Machine Learning Project 2: Autonomous Lane Changing using Deep Reinforcement Learning with Graph Neural Networks

Authors: Arvind Satish Menon, Lars C.P.M. Quaedvlieg, and Somesh Mehra

Group: GAN_CONTROL

Important Links

Final report: https://www.overleaf.com/read/sbtzctmpbqpy
In-depth project description: https://docs.google.com/document/d/1_oW5013IwnaLW3alfvVjh7CEu5wkTPQh/edit

Project introduction

In recent years, autonomous vehicles have garnered significant attention due to their potential to improve the safety, efficiency, and accessibility of transportation. One important aspect of autonomous driving is the ability to make lane-changing decisions, which requires the vehicle to predict the intentions and behaviors of other road users and to evaluate the safety and feasibility of different actions.

In this project, we propose a graph neural network (GNN) architecture combined with reinforcement learning (RL) and a model predictive controller to solve the problem of autonomous lane changing. By using GNNs, it is possible to learn a control policy that takes into account the complex and dynamic relationships between the vehicles, rather than just considering local features or patterns. More specifically, we employ Deep Q-learning with Graph Attention Networks for the agent.

Please note that not all the code is the work of this project group. We will use a basis provided by our supervisor to build upon. For an idea of this basis, please utilize this repository. However, we will also mention our contributions to every individual file further down this README.
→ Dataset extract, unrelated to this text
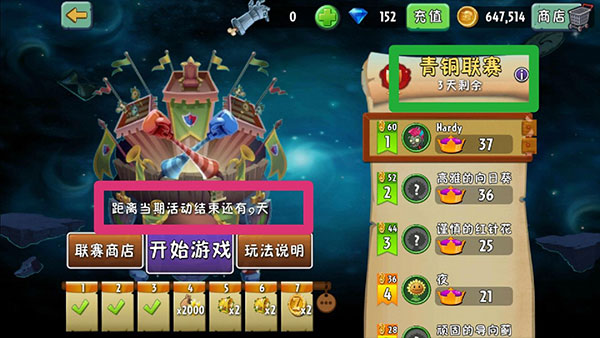 当你过了埃及之后,会开启超z联赛,这个比赛就很有意思了,每次比赛7天为一个小赛季(前三名最低结算时奖励100多钻石)42天为一个大赛季(之后所有人段位降到钢铁,最低段位。)

From the repository linked above:

This project provides an implementation of an autonomous truck in a multi-lane highway scenario. The controller utilizes non-linear optimal control to compute multiple feasible trajectories, of which the most cost-efficent is choosen. The simulation is set up to be suitable for RL training.

Getting Started

Clone the project in your local machine.

Requirements

Locate the repository and run:

pip install -r requirements.txt

Additionally, you need to install Pytorch and Pytorch Geometric separately. please note that for installing Pytorch and Pytorch Geometric, please refer to the references installation guides for CPU or GPU and ensure that a compatible version of Pytorch has been installed for Pytorch Geometric.

Package	Use
Pytorch (Geometric)	Automatic Differentiation
Networkx	Graph representation
Casadi	Nonlinear optimization
Numpy	Numerical computations
Matplotlib	Plotting and visualizations
PyQt5	Plotting and visualizations
Tensorboard	Experiment visualizations

Usage

The RL model can be trained using a certain configuration (see format below) via the "main.py" file. This is also where simulations are configured, including e.g., designing traffic scenarios and setting up the optimal controllers.

Next, the "inference.py" file allows you to perform inference using certain configurations of the environment and a trained agent model.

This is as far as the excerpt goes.